On one of my many rambling side notes, it was also interesting to see how a love interest was implied between Jet Li and rap star Aaliyah but no on-screen kiss was permitted. In the same way, THE LONG KISS GOODNIGHT with Geena Davis and Samuel L. Jackson was even more sanitized, providing a sociological mirror that we have actually gone back before the 60’s in terms of reactionary popular cinema. My gods, it’s even in FINDING FORRESTER.
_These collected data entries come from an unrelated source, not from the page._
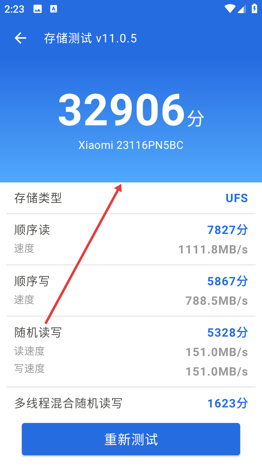 測試結束后,查看并存儲測試得分以及各項性能數據,比如順序讀、順序寫的速度等。
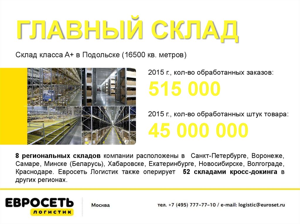 Краснодаре. Евросеть Логистик также оперирует 52 складами кросс-докинга в
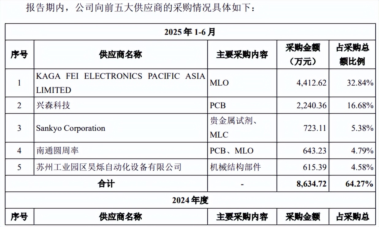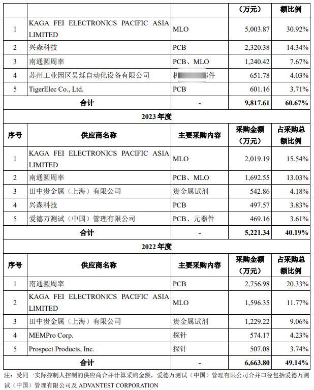 强一半导体主要采购的材料有探针卡所需的 PCB、MLO、贵金属试剂、探针及机 械结构部件等;同时,公司设备供应商集中度亦相对较高。
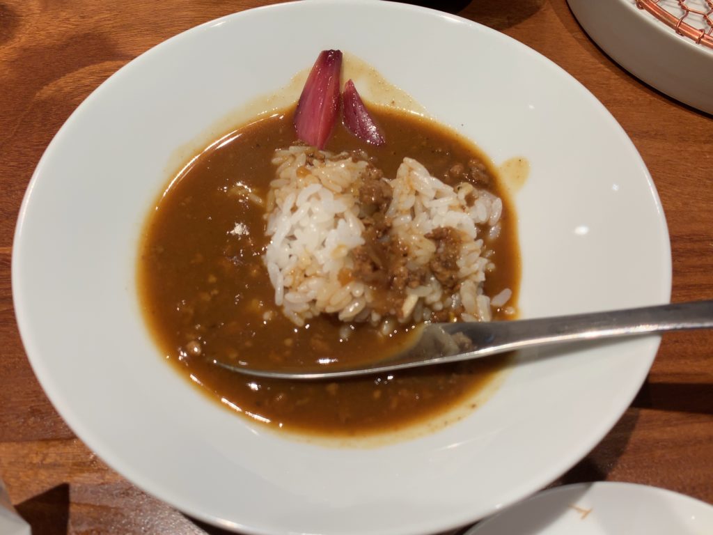 スパイシーで美味しいです。かぶりやメンチカツはカレーと一緒に食べてもよかったなぁと思いました。
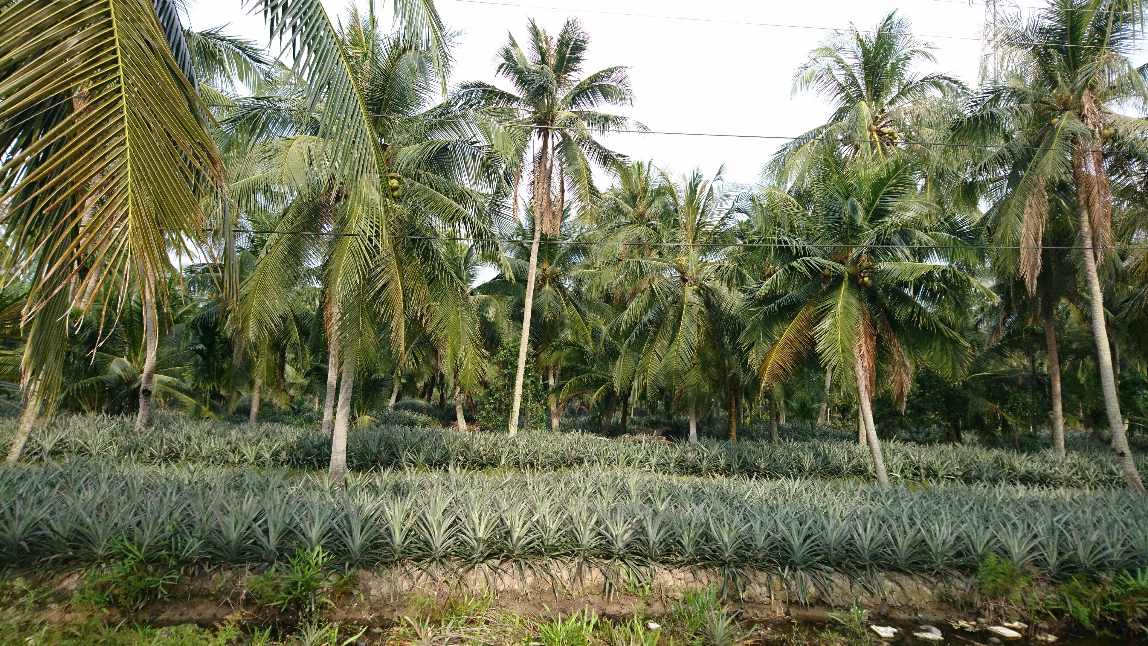 Continuing, I visited the pineapple Tắc Cậu garden. I could see a lot of coconuts.

Dimension Home Video has released “The Jet Li Collection” which includes 5 films: FIST OF LEGEND, JET LI’S THE ENFORCER, THE LEGEND, THE DEFENDER and TWIN WARRIORS. I will review the last 2 films. JET LI’S THE ENFORCER (which he neither directed nor wrote) has had some cable play. I assume his name is part of the title as a last-minute thought that THE ENFORCER was too generic (other titles for it include LETTER TO DADDY, which sounds just plain creepy). FIST OF LEGEND and TWIN WARRIORS have some buzz with the martial arts fans as being among the better efforts. THE DEFENDER is directed by Corey Yuen, who attended the Peking Opera school along with Jackie Chan for childhood martial arts training. To the best of my research, he and Tak Yuen, fighting choreographer, do not appear to be members of Woo Ping’s family. Instead, I have learned that it was quite common to take the name of your teacher in this school. Corey went on to do the uncredited choreography for LETHAL 4 , but did get credit for X-MEN. Jet Li is great in THE DEFENDER, which is one of the two basic sub-genres of these Hong Kong martial arts pictures – the contemporary crime thriller (sometimes with a sci-fi and/or superhero edge) – the other being the Shao-lin costume drama. This is by no means John Woo, however, and things get tedious – certainly not enough to sustain my interest (these DVDs were thrust upon me, my dear). It is unfortunate that even within the easy medium of DVD, TWIN WARRIORS did not have the option of the original soundtrack with subtitles. So we have the usual bad dubbing (worse than THE DEFENDER, believe me).

As anyone familiar with these Shao-lin films knows, the acting is usually on the level of mediocre silent cinema – bad mugging worsened by that flat recording booth ambiance of phrases like “Huh?”. If you’re into these pictures, I assume this is part of the charm, like the bizarre gun shots and foleys of spaghetti westerns – you know, boot heels going clomp clomp clomp and wooden spoons scraping soup bowls as if the audience has been slipped acid.

Meanwhile, Michelle Yeoh has such amazing presence and dignity that we really have a sense of her throughout all of this as leader of a gang of tax rebels – directed by Woo-Ping Yuen himself by the way. Jet Li is not unwatchable – but he has long since developed a minimalist style of presentation, the Bronson school of acting, that works much better for him than these anime-like eye poppings.